Maybe we could all have an online reading group…
2020-03-25 21:53:15 (GMT)
Yes, I'm all in favor of reading group.
2020-03-25 21:53:29 (GMT)
They have that at MPI-SWS in Saarbrücken -- I get the emails in my spam folder.
2020-03-25 21:53:45 (GMT)
Always POPL or such papers, but we could do that for ATP and ITP.
2020-03-25 21:54:11 (GMT)
Should we start a new #readinggroup or #bookclub or whatever stream?
2020-03-25 21:55:40 (GMT)
Sure!
2020-03-25 21:56:3 (GMT)
BTW Michael Färber, who will join us in Sept., is a big fan of nonclausal reasoning.
2020-03-25 21:56:22 (GMT)
OK, who wants to be the stream master and pick the first paper?
2020-03-25 21:57:21 (GMT)
"Translating a conjecture into clause normal form before handing it over to the theorem prover is like shooting oneself into the foot before starting on a long hike", ha ha!
2020-03-25 21:57:36 (GMT)
From the Zipper man himself, G. Huet.
2020-03-25 21:58:17 (GMT)
Oh, the G&S paper is a Nancy-Saarbrücken collaboration. Totally Matryoshka.
2020-03-25 21:59:7 (GMT)
#bookclub is open!
2020-03-25 22:47:29 (GMT)
Hey - I didn't say much because I didn't want to interrupt your discussion but I'd be interested in the book club too, if you'd like to have me.
2020-03-26 15:20:23 (GMT)
@Alexander Bentkamp @Jasmin Blanchette Sorry that I am too late to join the party :)
2020-03-26 15:23:15 (GMT)
But I would be really happy if we were to extend bools PAAR paper with lazy clausification (already there) and completeness proof (scares the shit out of me as Jasmin mentioned :)
2020-03-26 15:27:22 (GMT)
But your paper is about HOL, right?
2020-03-26 15:27:56 (GMT)
I thought we could make a FOOL paper.
2020-03-26 15:44:34 (GMT)
yes yes of course
2020-03-26 15:44:40 (GMT)
sorry if I was confusing
2020-03-26 15:45:5 (GMT)
but completeness would be guaranteed for FOOL
2020-03-26 16:1:53 (GMT)
Shouldn't that be a separate paper then?
2020-03-26 16:2:23 (GMT)
I doubt that I can finish the proof for the PAAR deadline anyway.
2020-03-26 16:6:16 (GMT)
@Alexander Bentkamp I have good news for you!

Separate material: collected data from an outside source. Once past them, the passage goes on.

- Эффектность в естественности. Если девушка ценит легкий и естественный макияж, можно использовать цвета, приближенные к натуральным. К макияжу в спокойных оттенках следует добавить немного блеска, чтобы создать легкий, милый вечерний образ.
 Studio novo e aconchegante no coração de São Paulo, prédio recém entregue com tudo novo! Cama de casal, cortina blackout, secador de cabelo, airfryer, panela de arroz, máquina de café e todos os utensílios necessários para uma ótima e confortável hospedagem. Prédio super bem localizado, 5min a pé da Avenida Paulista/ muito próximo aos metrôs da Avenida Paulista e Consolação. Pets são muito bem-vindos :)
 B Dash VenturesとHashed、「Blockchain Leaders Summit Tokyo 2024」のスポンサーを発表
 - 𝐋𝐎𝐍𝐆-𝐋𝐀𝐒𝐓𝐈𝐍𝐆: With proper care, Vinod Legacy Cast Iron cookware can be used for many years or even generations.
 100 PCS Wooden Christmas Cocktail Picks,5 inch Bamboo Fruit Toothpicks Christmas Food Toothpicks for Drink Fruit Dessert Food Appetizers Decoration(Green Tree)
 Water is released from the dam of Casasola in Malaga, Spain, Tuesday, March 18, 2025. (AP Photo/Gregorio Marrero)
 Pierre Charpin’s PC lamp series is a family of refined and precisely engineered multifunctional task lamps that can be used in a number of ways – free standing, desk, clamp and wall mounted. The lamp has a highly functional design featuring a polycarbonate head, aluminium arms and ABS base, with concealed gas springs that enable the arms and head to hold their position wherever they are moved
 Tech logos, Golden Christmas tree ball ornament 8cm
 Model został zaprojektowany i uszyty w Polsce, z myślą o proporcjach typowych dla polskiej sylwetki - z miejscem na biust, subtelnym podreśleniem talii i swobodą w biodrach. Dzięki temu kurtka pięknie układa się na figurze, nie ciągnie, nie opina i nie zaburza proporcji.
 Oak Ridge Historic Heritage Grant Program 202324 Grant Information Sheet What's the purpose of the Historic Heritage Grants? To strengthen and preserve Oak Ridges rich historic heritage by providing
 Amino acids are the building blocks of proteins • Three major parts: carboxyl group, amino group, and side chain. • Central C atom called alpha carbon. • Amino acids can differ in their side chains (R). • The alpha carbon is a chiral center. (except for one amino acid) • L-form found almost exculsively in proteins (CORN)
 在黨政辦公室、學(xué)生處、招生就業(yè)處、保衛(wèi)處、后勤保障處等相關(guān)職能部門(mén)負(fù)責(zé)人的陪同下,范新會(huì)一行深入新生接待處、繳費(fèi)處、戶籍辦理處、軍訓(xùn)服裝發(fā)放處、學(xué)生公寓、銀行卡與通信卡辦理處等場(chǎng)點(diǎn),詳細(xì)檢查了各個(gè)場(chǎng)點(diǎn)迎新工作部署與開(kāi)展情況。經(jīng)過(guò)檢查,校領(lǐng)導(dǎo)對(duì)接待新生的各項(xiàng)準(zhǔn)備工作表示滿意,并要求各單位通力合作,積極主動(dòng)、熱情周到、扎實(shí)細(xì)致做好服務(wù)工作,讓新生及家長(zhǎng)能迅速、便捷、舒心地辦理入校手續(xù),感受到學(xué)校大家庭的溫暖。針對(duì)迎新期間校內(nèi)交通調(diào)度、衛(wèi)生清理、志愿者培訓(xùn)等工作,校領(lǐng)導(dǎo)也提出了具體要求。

The PAAR submission deadline is (most likely, it's not on the website yet) going to be delayed by one month.
2020-03-26 16:6:36 (GMT)
wow, ok :D
2020-03-26 16:7:16 (GMT)
yay, more time to review papers! :tada:
2020-03-26 16:45:20 (GMT)
But still it feels like a bit too much for one paper...
2020-03-26 16:58:26 (GMT)
Alexander Bentkamp said:
I doubt that I can finish the proof for the PAAR deadline anyway.
Again I was unclear :)
2020-03-26 16:59:0 (GMT)
It should definitely be a separate paper and I think of too big scientific contribution to be published at any workshop
2020-03-26 16:59:33 (GMT)
ok, so is lazy clausification in the PAAR paper or did you mean it is already implemented in Zipperposition?
2020-03-26 17:0:3 (GMT)
it is only implemented, but not mentioned in PAAR
2020-03-26 17:0:30 (GMT)
okay, perfect. Then we have a clean separation.
2020-03-26 17:0:44 (GMT)
yeah sorry if I was unclear
2020-03-26 17:1:29 (GMT)
Let's make a FOOL topic here. This topic got a tiny bit out of hand.
2020-03-26 17:1:59 (GMT)
Or maybe I chose the title a bit too specific.